According to the NGO Water.org, 785 million people lack access to safe water and 2 billion people lack access to a toilet. Also, Nearly 1 million people die each year from water, sanitation and hygiene-related diseases. It is a health crisis that is not given too much attention in mainstream media. 

![image](https://cloudfront-eu-central-1.images.arcpublishing.com/larazon/Q3KPFJKNJVHN7LR5ECYD5C7J4U.jpg)

Source: La Razón

Improving the access to potable water can reduce child and maternal mortality rates, increase home income and interrupt one aspect of the cicle of poverty.

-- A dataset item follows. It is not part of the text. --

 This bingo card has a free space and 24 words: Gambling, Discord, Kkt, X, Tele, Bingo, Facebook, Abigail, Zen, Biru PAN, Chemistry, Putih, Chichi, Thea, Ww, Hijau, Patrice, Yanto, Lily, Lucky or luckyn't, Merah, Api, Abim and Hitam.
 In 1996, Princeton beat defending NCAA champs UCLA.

And increasing the capacity of water testing could facilitate this proccess. It is estimated that annually lack of water quality generates 260mi USD in losses (Sadoff et al).
 

## Feature Details


**pH value**: PH is an important parameter in evaluating the acid–base balance of water. **WHO has recommended maximum permissible limit of pH from 6.5 to 8.5.** The current investigation ranges were 6.52–6.83 which are in the range of WHO standards.

**Hardness**: Hardness is mainly caused by calcium and magnesium salts. These salts are dissolved from geologic deposits through which water travels. 

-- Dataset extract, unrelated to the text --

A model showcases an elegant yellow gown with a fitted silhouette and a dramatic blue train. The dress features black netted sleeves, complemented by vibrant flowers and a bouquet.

**Solids** (Total dissolved solids - TDS): Water has the ability to dissolve a wide range of inorganic and some organic minerals or salts such as potassium, calcium, sodium, bicarbonates, chlorides, magnesium, sulfates etc. This is the important parameter for the use of water. **Desirable limit for TDS is 500 mg/l and maximum limit is 1000 mg/l which prescribed for drinking purpose.**

**Chloramines**: Chlorine and chloramine are the major disinfectants used in public water systems. **Chlorine levels up to 4 milligrams per liter (mg/L or 4 parts per million (ppm)) are considered safe in drinking water.**

**Sulfate**: Sulfates are naturally occurring substances that are found in minerals, soil, and rocks. It ranges from 3 to 30 mg/L in most freshwater supplies, although much higher concentrations (1000 mg/L) are found in some geographic locations.

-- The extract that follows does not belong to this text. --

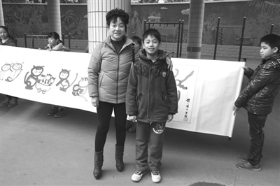 12月20日,是南宁市南湖小学建校50周年的日子,那天学校在操场搭建起舞台,学生们载歌载舞,以简朴的形式欢度节日。当天,学校还举办了“点亮教育”校园文化建设书画艺术成果展示活动。在一楼操场外以及二楼走廊边,挂满了小学们的字画。其中,一幅《百猫图》一展示即轰动全校。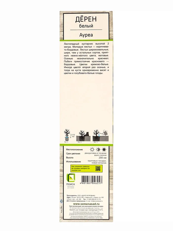 Дерен белый «Ауреа», саженец, декоративный, 1 шт., туба — Характеристики

**Conductivity**: **Pure water is not a good conductor of electric current rather’s a good insulator.** Increase in ions concentration enhances the electrical conductivity of water. **According to WHO standards, EC value should not exceeded 400 μS/cm.**

**Organic_carbon**: Total Organic Carbon (TOC) in source waters comes from decaying natural organic matter (NOM) as well as synthetic sources. **According to US EPA < 2 mg/L as TOC in treated / drinking water, and < 4 mg/Lit in source water which is use for treatment.**

**Trihalomethanes**: THMs are chemicals which may be found in water treated with chlorine. **THM levels up to 80 ppm is considered safe in drinking water.**

**Turbidity**: The turbidity of water depends on the quantity of solid matter present in the suspended state. **The WHO recommended value is < 5.00 NTU.**

**Potability**: Indicates if water is safe for human consumption where 1 means Potable and 0 means Not potable.

# Predicting the Potability of Water using Machine Learning

## Data imports and cleaning

In [None]:
!pip install matplotlib==3.4.3 #google colab version of plt is deprecated and doesn't support some methods used in this notebook

In [None]:
!pip install xgboost==1.4.2 #let's guarantee that the colab version of xgboost is not depracated 

In [None]:
#imports
import pandas as pd
import matplotlib.pyplot as plt
import numpy as np
import seaborn as sns
import scipy
from sklearn.metrics import confusion_matrix, classification_report, recall_score
import os

In [None]:
#importing dataset 

pwd = os.getcwd()
dataset = pd.read_csv('../input/water-potability/water_potability.csv')
original_dataset = dataset.copy()
dataset

In [None]:
dataset.info()

We will be dealing with only numerical variables. 

It also can be noted that this dataset has columns with Null values. 

In [None]:
#visualizing with null values
dataset.isnull().sum().reset_index()

We will inpute the median value for each column in the Null cells. 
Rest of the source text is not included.